The timing of this article is both funny, and informative. I am literally in the process right now of finishing up the design of a new database for my company. We went with similar hardware to a previously configuration of theirs (Dell PowerEdge R710). I beefed it out to spec on the 6-drive bay version (wasn't bad given that there wasn't suppose to be a budget for this project). I loaded it with 6-146gb drives, RAID 5 with a 12mb cache controller, and 8gb of RAM (wanted to start with 16, but cut it back due to going with only the 6-bay drive config).

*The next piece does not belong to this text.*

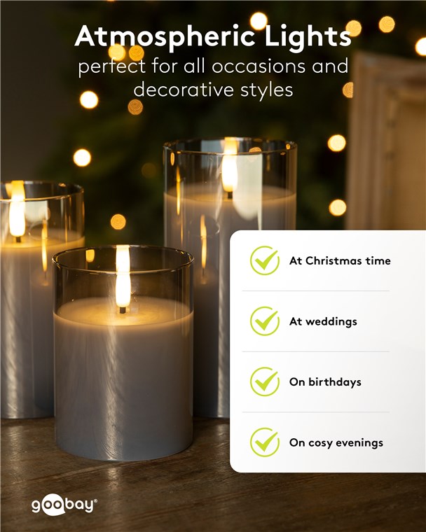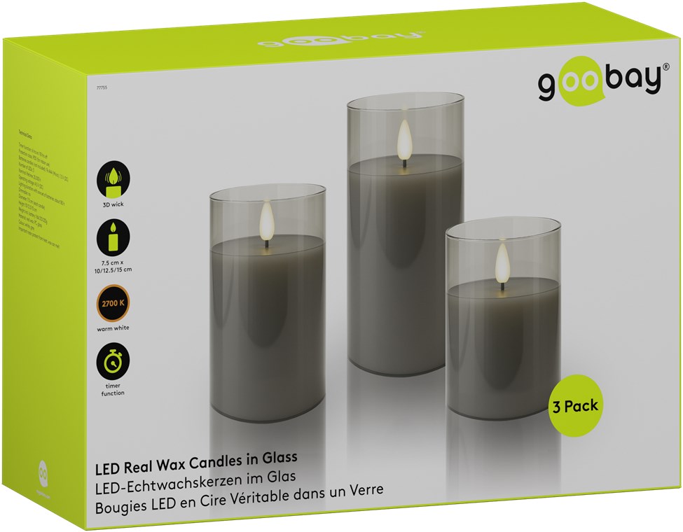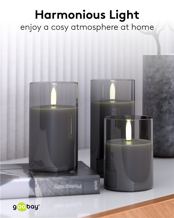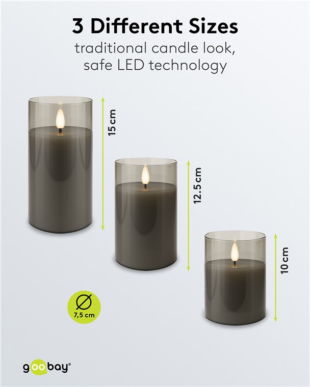 - Stylowe znicze w trzech różnych rozmiarach zapewniające ciepłe światło świec z naturalnie wyglądającym, migoczącym płomieniem w szarym szkle – całkowicie elektryczne i całkowicie bezpieczne

Now - I had not even heard of this kind of venomous talk about RAID 5 and Databases before. My background has been in I.T. for over 20 years, and RAID 5 was always a very popular and steady platform, for the most part. I'm only newly born to SQL Server (since about 2004 as more of an application analyst), and this is my first titled role as a DBA, but I have to tell you - I would not have gone above RAID 5 for many reasons (not the least of which is the trade off of disk space and the cost for it), but to know that there was all this disparity (no pun intended) over the manner in which the controller writes to the disk is nearly laughable if not questionable. I have never heard of such things being that bad in the past, but then again - I wasn't big on Oracle!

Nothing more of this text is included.